Since the start of the EPCAE, UTEP has experienced impressive growth in enrollment and in the total number of education degrees awarded.

Total UTEP enrollment has grown from 17,000 in 1992 to more than 25,000 in fall 2017. Hispanics make up 80 percent of the University’s enrollment, compared to 60 percent 25 years ago. UTEP degrees conferred have increased from around 1,500 per year in the early 1990s to over 4,500 per year currently.

“This region has a very special educational interdependence,” President Natalicio said. She has been chair of the Collaborative since 1993. “More than 80 percent of UTEP students are graduates of high schools in this region and an estimated 75 percent of area teachers are graduates of UTEP. This means we have a mutuality of interests and a shared stake in our collective success, as well as huge opportunities for innovative collaborations, data sharing and reciprocal accountability.”

Schwartz served as program director for education at the Pew Charitable Trust in 1992 when Pew’s Community Compacts for Student Success program awarded the EPCAE a $1 million seed funding grant.

During his keynote remarks, Schwartz credited the Collaborative’s success to its leadership. He also said the region’s geographic isolation served as a huge advantage because it compelled education institutions, community organizations and employers to work together to improve education in the region.

“The motivation for the creation of the Collaborative was if the institutions could pull their resources and if the University could bring to the table high-quality tools and resources for teachers and leaders in the schools and provide the kind of support system and structures that current teachers needed, as well as … build partnerships with schools for the preparation of the next generation of teachers … this would be a win-win for the schools and school districts that participated, and certainly a big win for the University,” Schwartz said.

Generously supported by grants from the National Science Foundation, the U.S. Department of Education and numerous national foundations, the EPCAE launched several initiatives, including professional development workshops for teachers and administrators and a program that provided math and science teacher mentors. It also helped to enhance teacher preparation programs in mathematics, science, literacy and technology.

“In the College of Education, the alignment of curriculum through standards across grade levels extended into our academic programs, which produced courses that emphasized the progression of learning from K-16,” said William H. Robertson, Ph.D., the college’s interim dean. “For the students in our Teacher Preparation Program, this meant a greater understanding of how curriculum is aligned and how to effectively build lessons that lead to continual learning.”

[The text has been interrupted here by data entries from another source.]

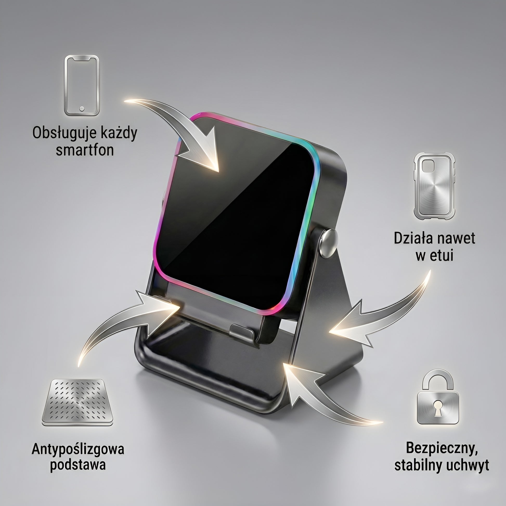 Dźwięk zostaje natychmiast wzmocniony, a bateria zaczyna się ładować bezprzewodowo. Ty oglądasz w pełnym komforcie, a telefon stoi stabilnie pod idealnym kątem.
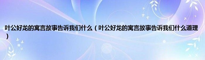 1、 “叶公龙浩”告诉我们一个真理:为人诚实、正直、实事求是。不要盲目的追求和崇拜某样东西,喜欢某样东西。你不仅要看它的表面现象,更要深刻理解它的内在本质。
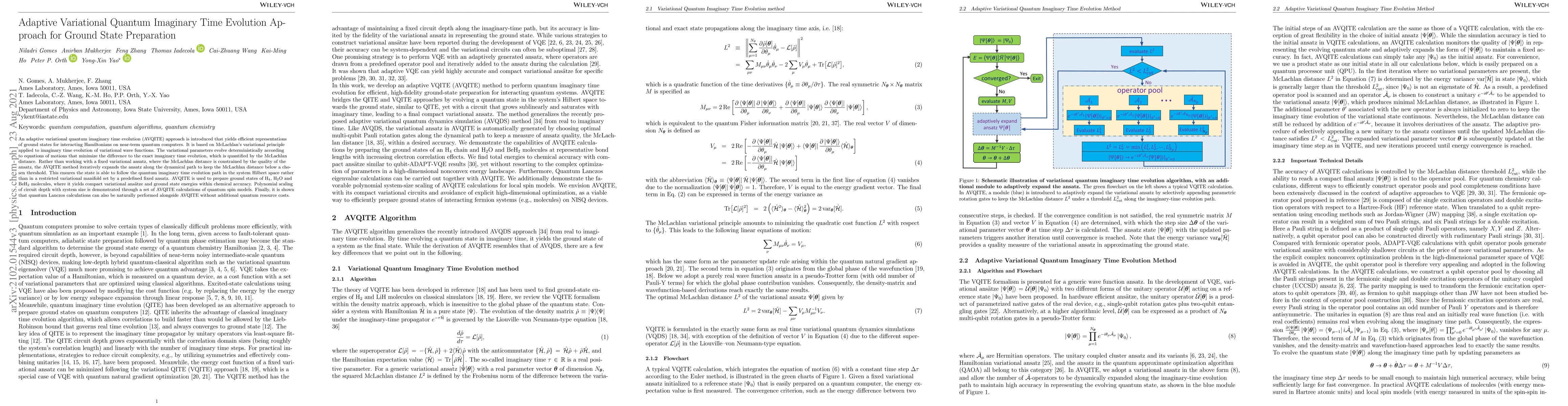 This paper introduces an adaptive variational quantum imaginary time evolution (AVQITE) approach for preparing ground states of interacting Hamiltonians on near-term quantum computers, achieving efficient representations and compact variational ansätze. The method dynamically expands variational ansätze to maintain accuracy, demonstrating effectiveness on molecules and spin models with polynomial scaling in circuit depth.
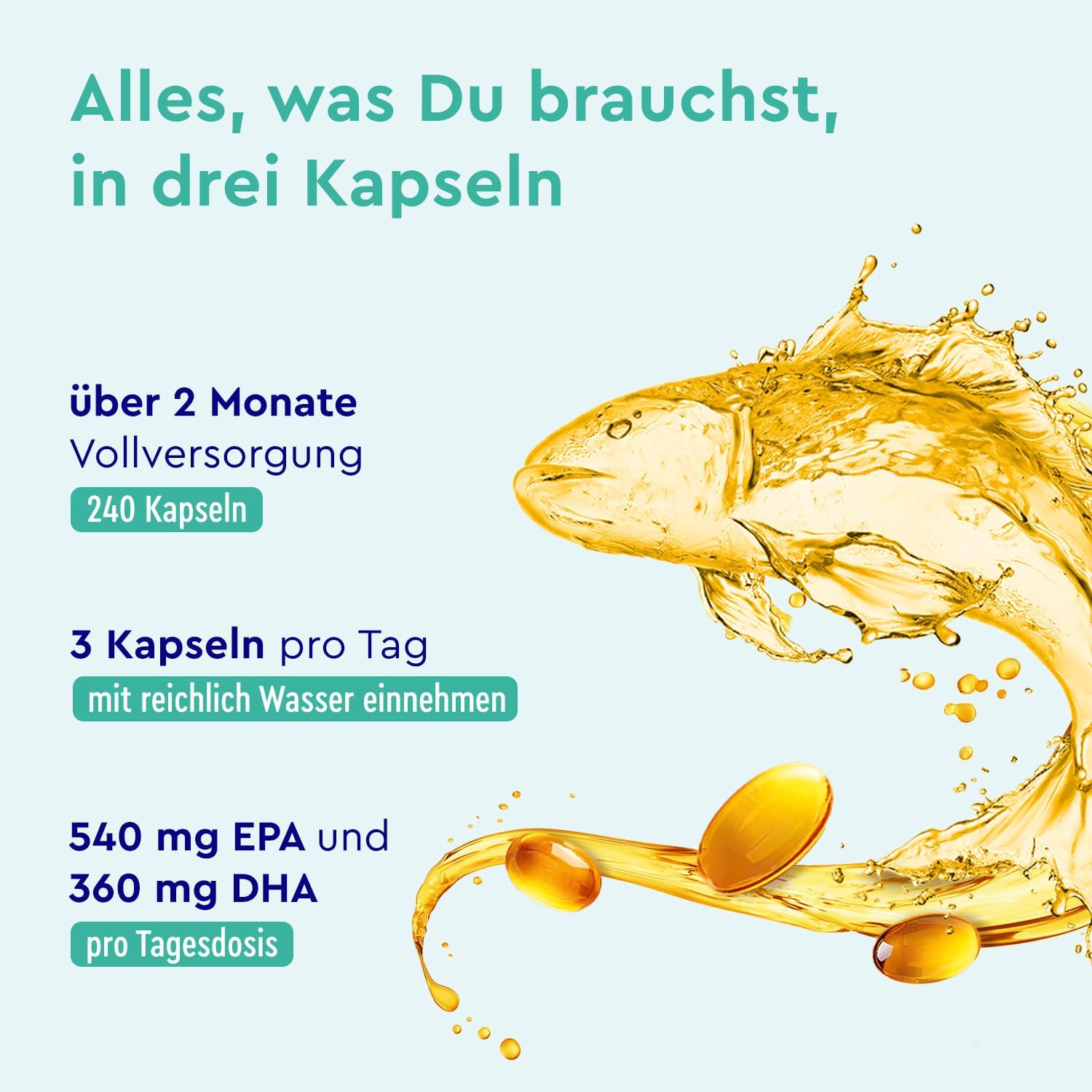 Be the first to review “Omega 3 Kapseln Hochdosiert – 3000mg Fischöl (Triglycerid-Form) – 240 Kapseln mit Vitamin E (Antioxidans) zur idealen Ergänzung von EPA & DHA – Reines Omega3 Fischöl – Laborgeprüft”

While the EPCAE spurred education reform in the region, its work is far from over.

One of the Collaborative’s major goals over the next 25 years is to increase the number of dual-credit and advanced courses offered in high schools and prepare more teachers with credentials required to teach these college-level courses.

A 2016 study by UTEP’s Center for Institutional Evaluation, Research and Planning showed that El Paso area high school students who took dual credit courses from 2005-15 earned higher GPAs, were 40 percent more likely to continue their studies in higher education, and 60 percent more likely to graduate in six years or less. They also saved $36 million in tuition and fees.

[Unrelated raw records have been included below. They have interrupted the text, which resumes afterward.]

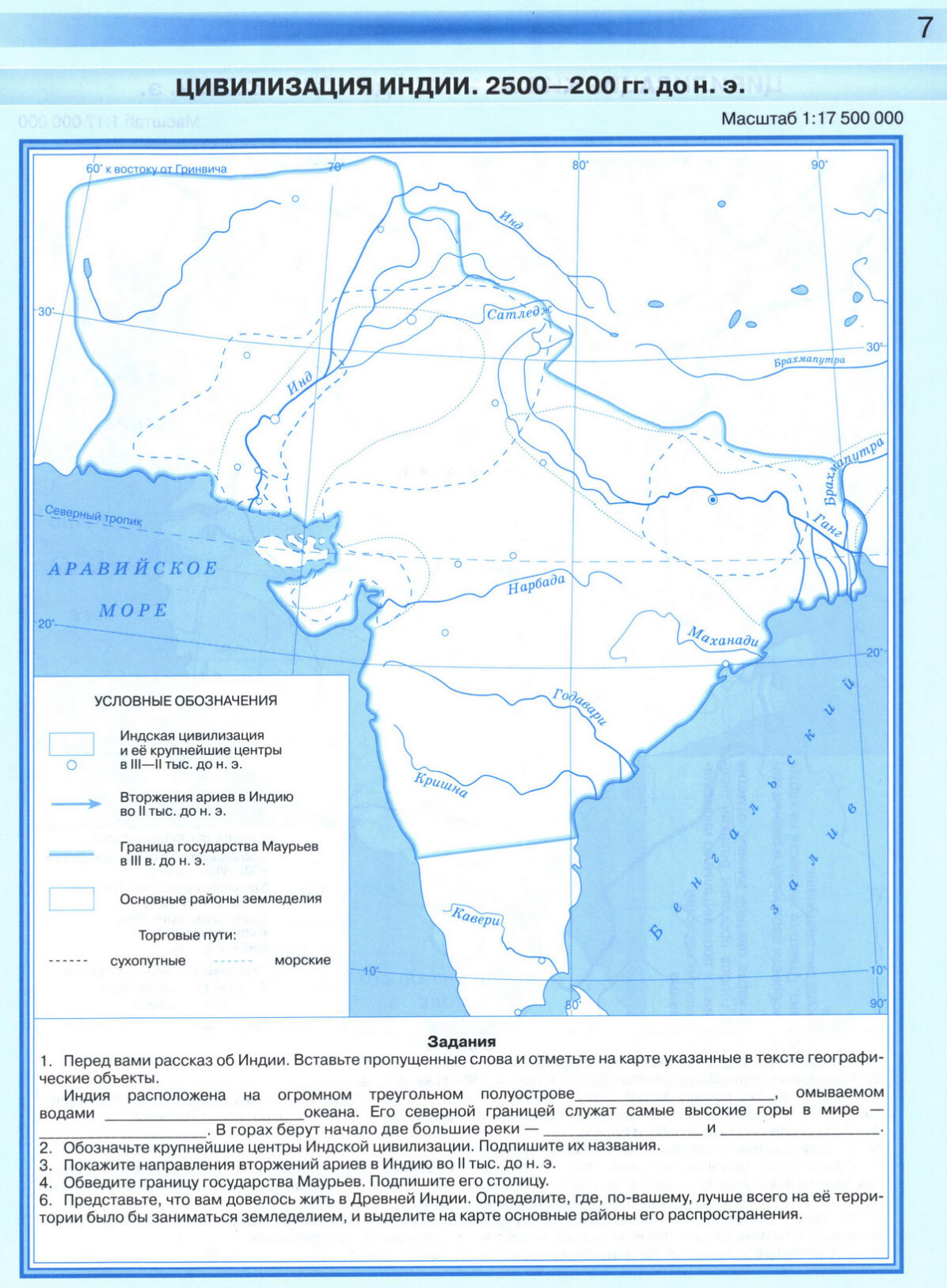 Цивилизация Индии - контурная карта по истории, стр 7, 5 класс Дрофа, скачать и распечатать
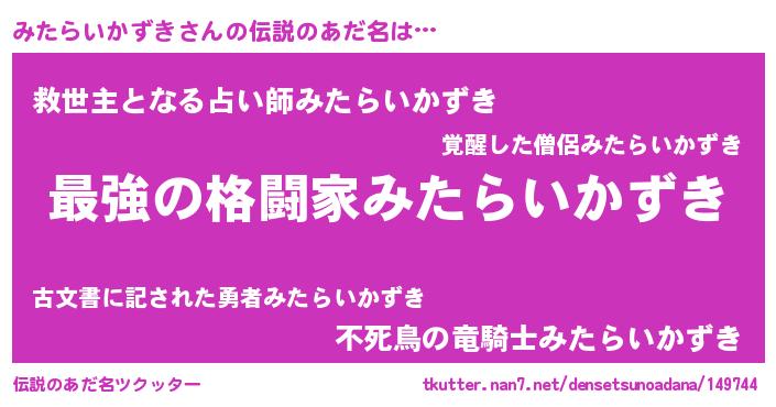 | 胡散臭い通販商品みたいなあだ名 | 『あなたにだけ特別に提供する100年もののヴィンテージワイン…その名も「みたらいかずき」』 |
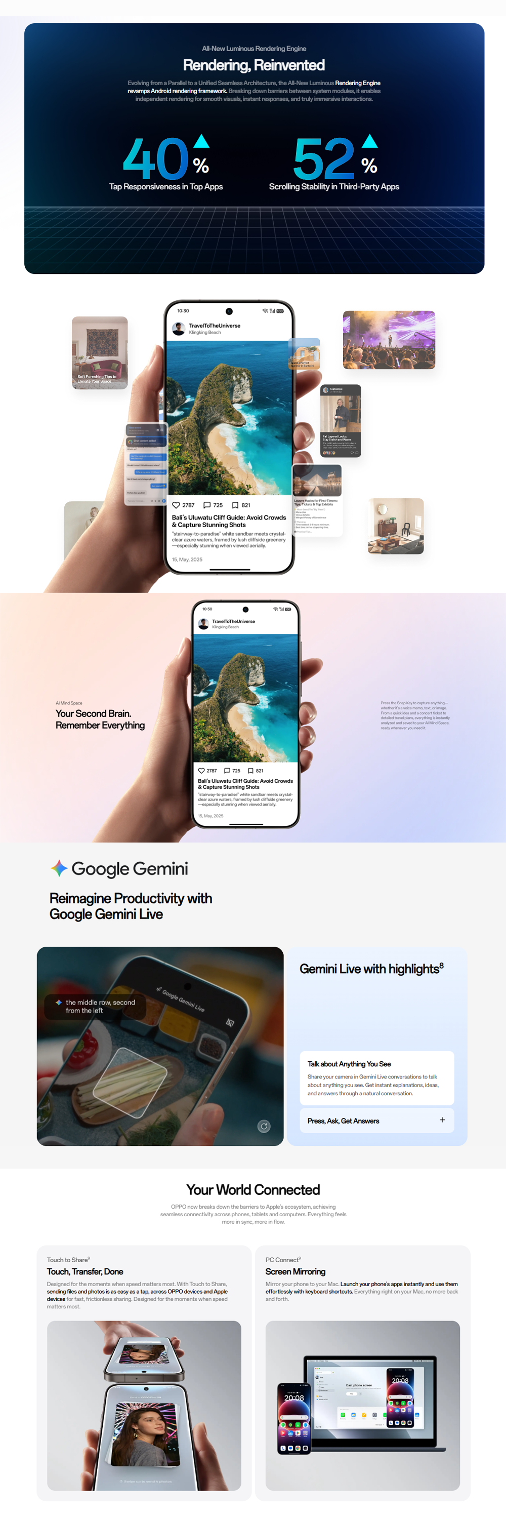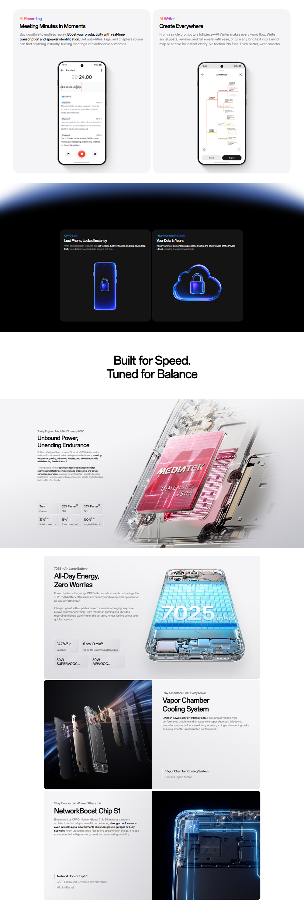 • Brand : OPPO • RAM(GB) : 16GB • Internal Memory(GB) : 512GB • Operating System : Android 16, ColorOS 16 • Processor Type : Mediatek Dimensity 9500 (3 nm) • Screen Size(inch): 6.59inch, AMOLED, 1B colors, 120Hz • Camera Front(MP): 32MP • Camera Back(MP): 50MP+50MP+50MP • Sim Slots: Dual SIM • Resolution: 1256 x 2760, 460 ppi density • Networks: LTE,5G • Battery Capacity(mAh): 7025mAh, Fast Charg
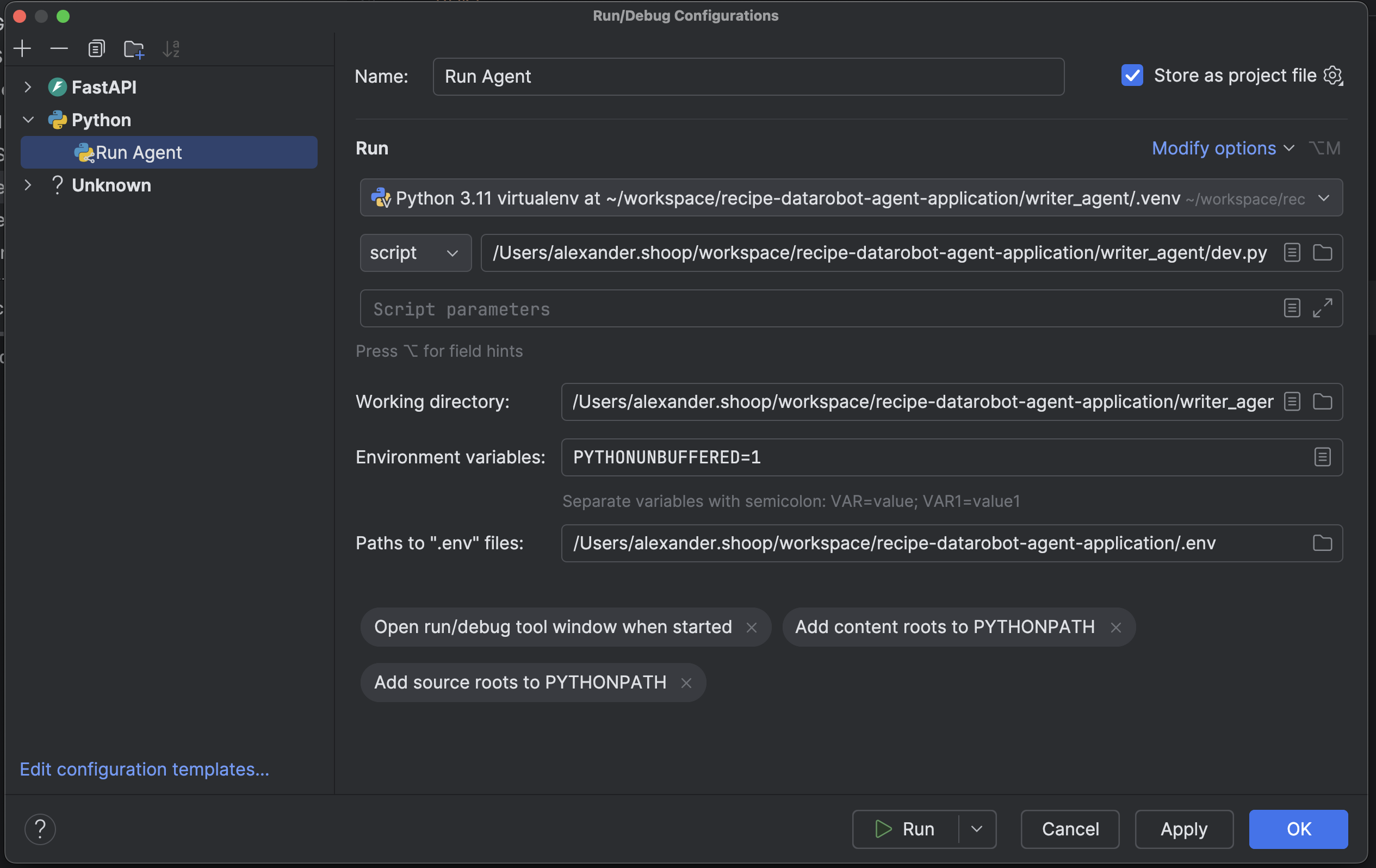 The Run Agent configuration launches the agent development server with your environment variables and interpreter already wired up.

“The next phase of the Collaborative will be to amplify opportunities for the talented and motivated youth of this community to engage in a college-going culture through expanded access to dual credit and early college high school,” said Ivette Savina, UTEP assistant vice president for outreach and student access and EPCAE manager. “[It will do this] by engaging with business and civic leaders to support the economic development necessary to create the high-paying jobs that match the post-secondary educational attainment and aspirations of the students in our region.”